In the present study we developed and evaluated an invasion model where primary organotypic spheroids derived from human gliomas as well as U87MG cell line-derived spheroids were implanted into organotypic rat brain slice cultures. We hypothesised that invasion models based on organotypic tumor tissue would be more exact models than invasion models using tumor cell lines such as the U87MG cell line and invasion substrates such as artificial gels. In the present study, we used three-dimensional primary glioma spheroids. The spheroids were obtained from one anaplastic astrocytoma (WHO grade III) and two glioblastomas (WHO grade IV). The advantage of using primary spheroids is the preservation of the three-dimensional tissue structure with the specific brain tumor cytoarchitecture and complexity including the unique extracellular matrix, blood vessels, and macrophages [3]. Thereby, cellular heterogeneity, differentiation and proliferation patterns for the individual tumors are better preserved. These primary spheroids have been proved to be a valid model providing a biological system that mimics the original tumor [3-5]. Furthermore, the close resemblance to the original tumor in situ has already led to the use of primary glioma spheroids in investigations regarding radio- and chemotherapy responsiveness [6-9]. Moreover, three-dimensional spheroids can be obtained in vitro using cell lines cultured as homogeneous spheroids, although cell line spheroids are deficient in specific brain tumor cytoarchitecture, unique extracellular matrix, blood vessels and macrophages [3,5,10,11]. Since our aim was to improve existing invasion models, U87MG spheroids were included for comparison with primary glioma spheroids. The frequently used U87MG cell line, established by Pontén and Macintyre in 1968, originates from an astrocytic tumor with necrosis [12], which corresponds to a glioblastoma multiforme according to the WHO 2007 guidelines [13]. The U87MG cell line is one of the most well-characterized cell lines with a wide range of biological information available.
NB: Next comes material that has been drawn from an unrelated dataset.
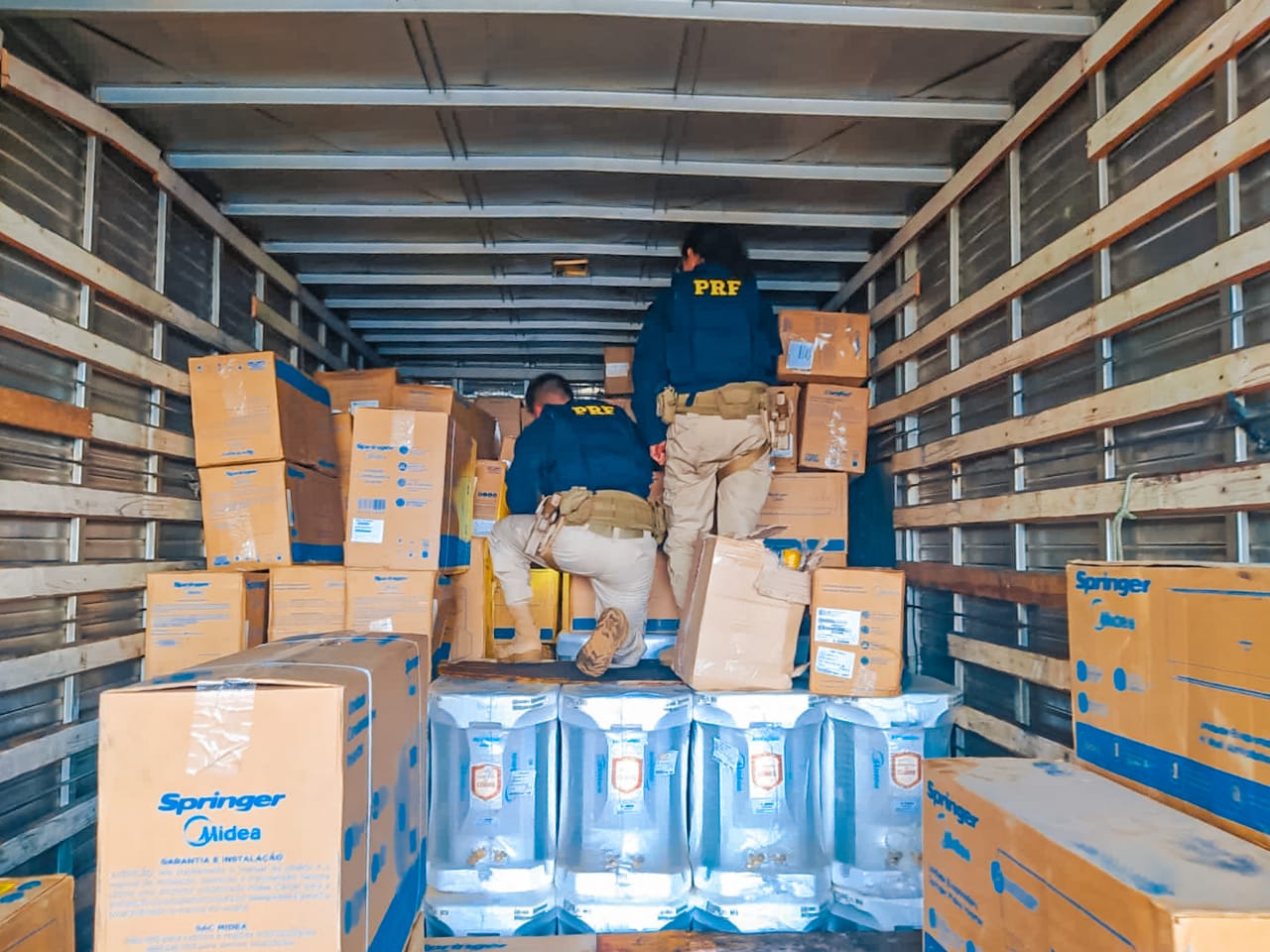 O flagrante aconteceu durante a fiscalização de rotina, os policiais abordaram o caminhão, realizando uma fiscalização veicular no compartimento do veículo assim encontrando caixas de papelão com a carga ilícita.

However, several in vivo studies indicate that the U87MG cell line have lost the invasive features characteristic for glioblastomas [14-17].
In the present study, organotypic corticostriatal rat brain slice cultures were used for implantation of spheroids as an alternative to artificial gels, hypothesising organotypic brain slice cultures to be an ideal in vivo-like matrix for studying glioma invasion in vitro. Corticostriatal slice cultures have previously been used in glioma invasion studies, since most gliomas arise in this area of the brain [18]. Furthermore, it has been suggested that glioma cells from fresh tumor fragments as well as commercial cell lines, are able to infiltrate these cultures in an in vivo-like manner [19-22]. This has been suggested studying fluorescently labelled or transfected spheroids, after the supposed invasion has occurred and without histological confirmation of the invasion. However, when using vital dyes such as DiI, cross-diffusion between cells and host cells can occur [23] and it is not known to what extend DiI cross-diffusion occurs in invasion models using organotypic brain slice cultures. In order to overcome the possible pitfall using DiI, we added a new level to this model by following the invasion over time in the same co-cultures using confocal microscopy. Furthermore, we were able to verify the invasion and characterize the tumor cells immunohistochemically by paraffin embedding and histologically sectioning of the co-cultures.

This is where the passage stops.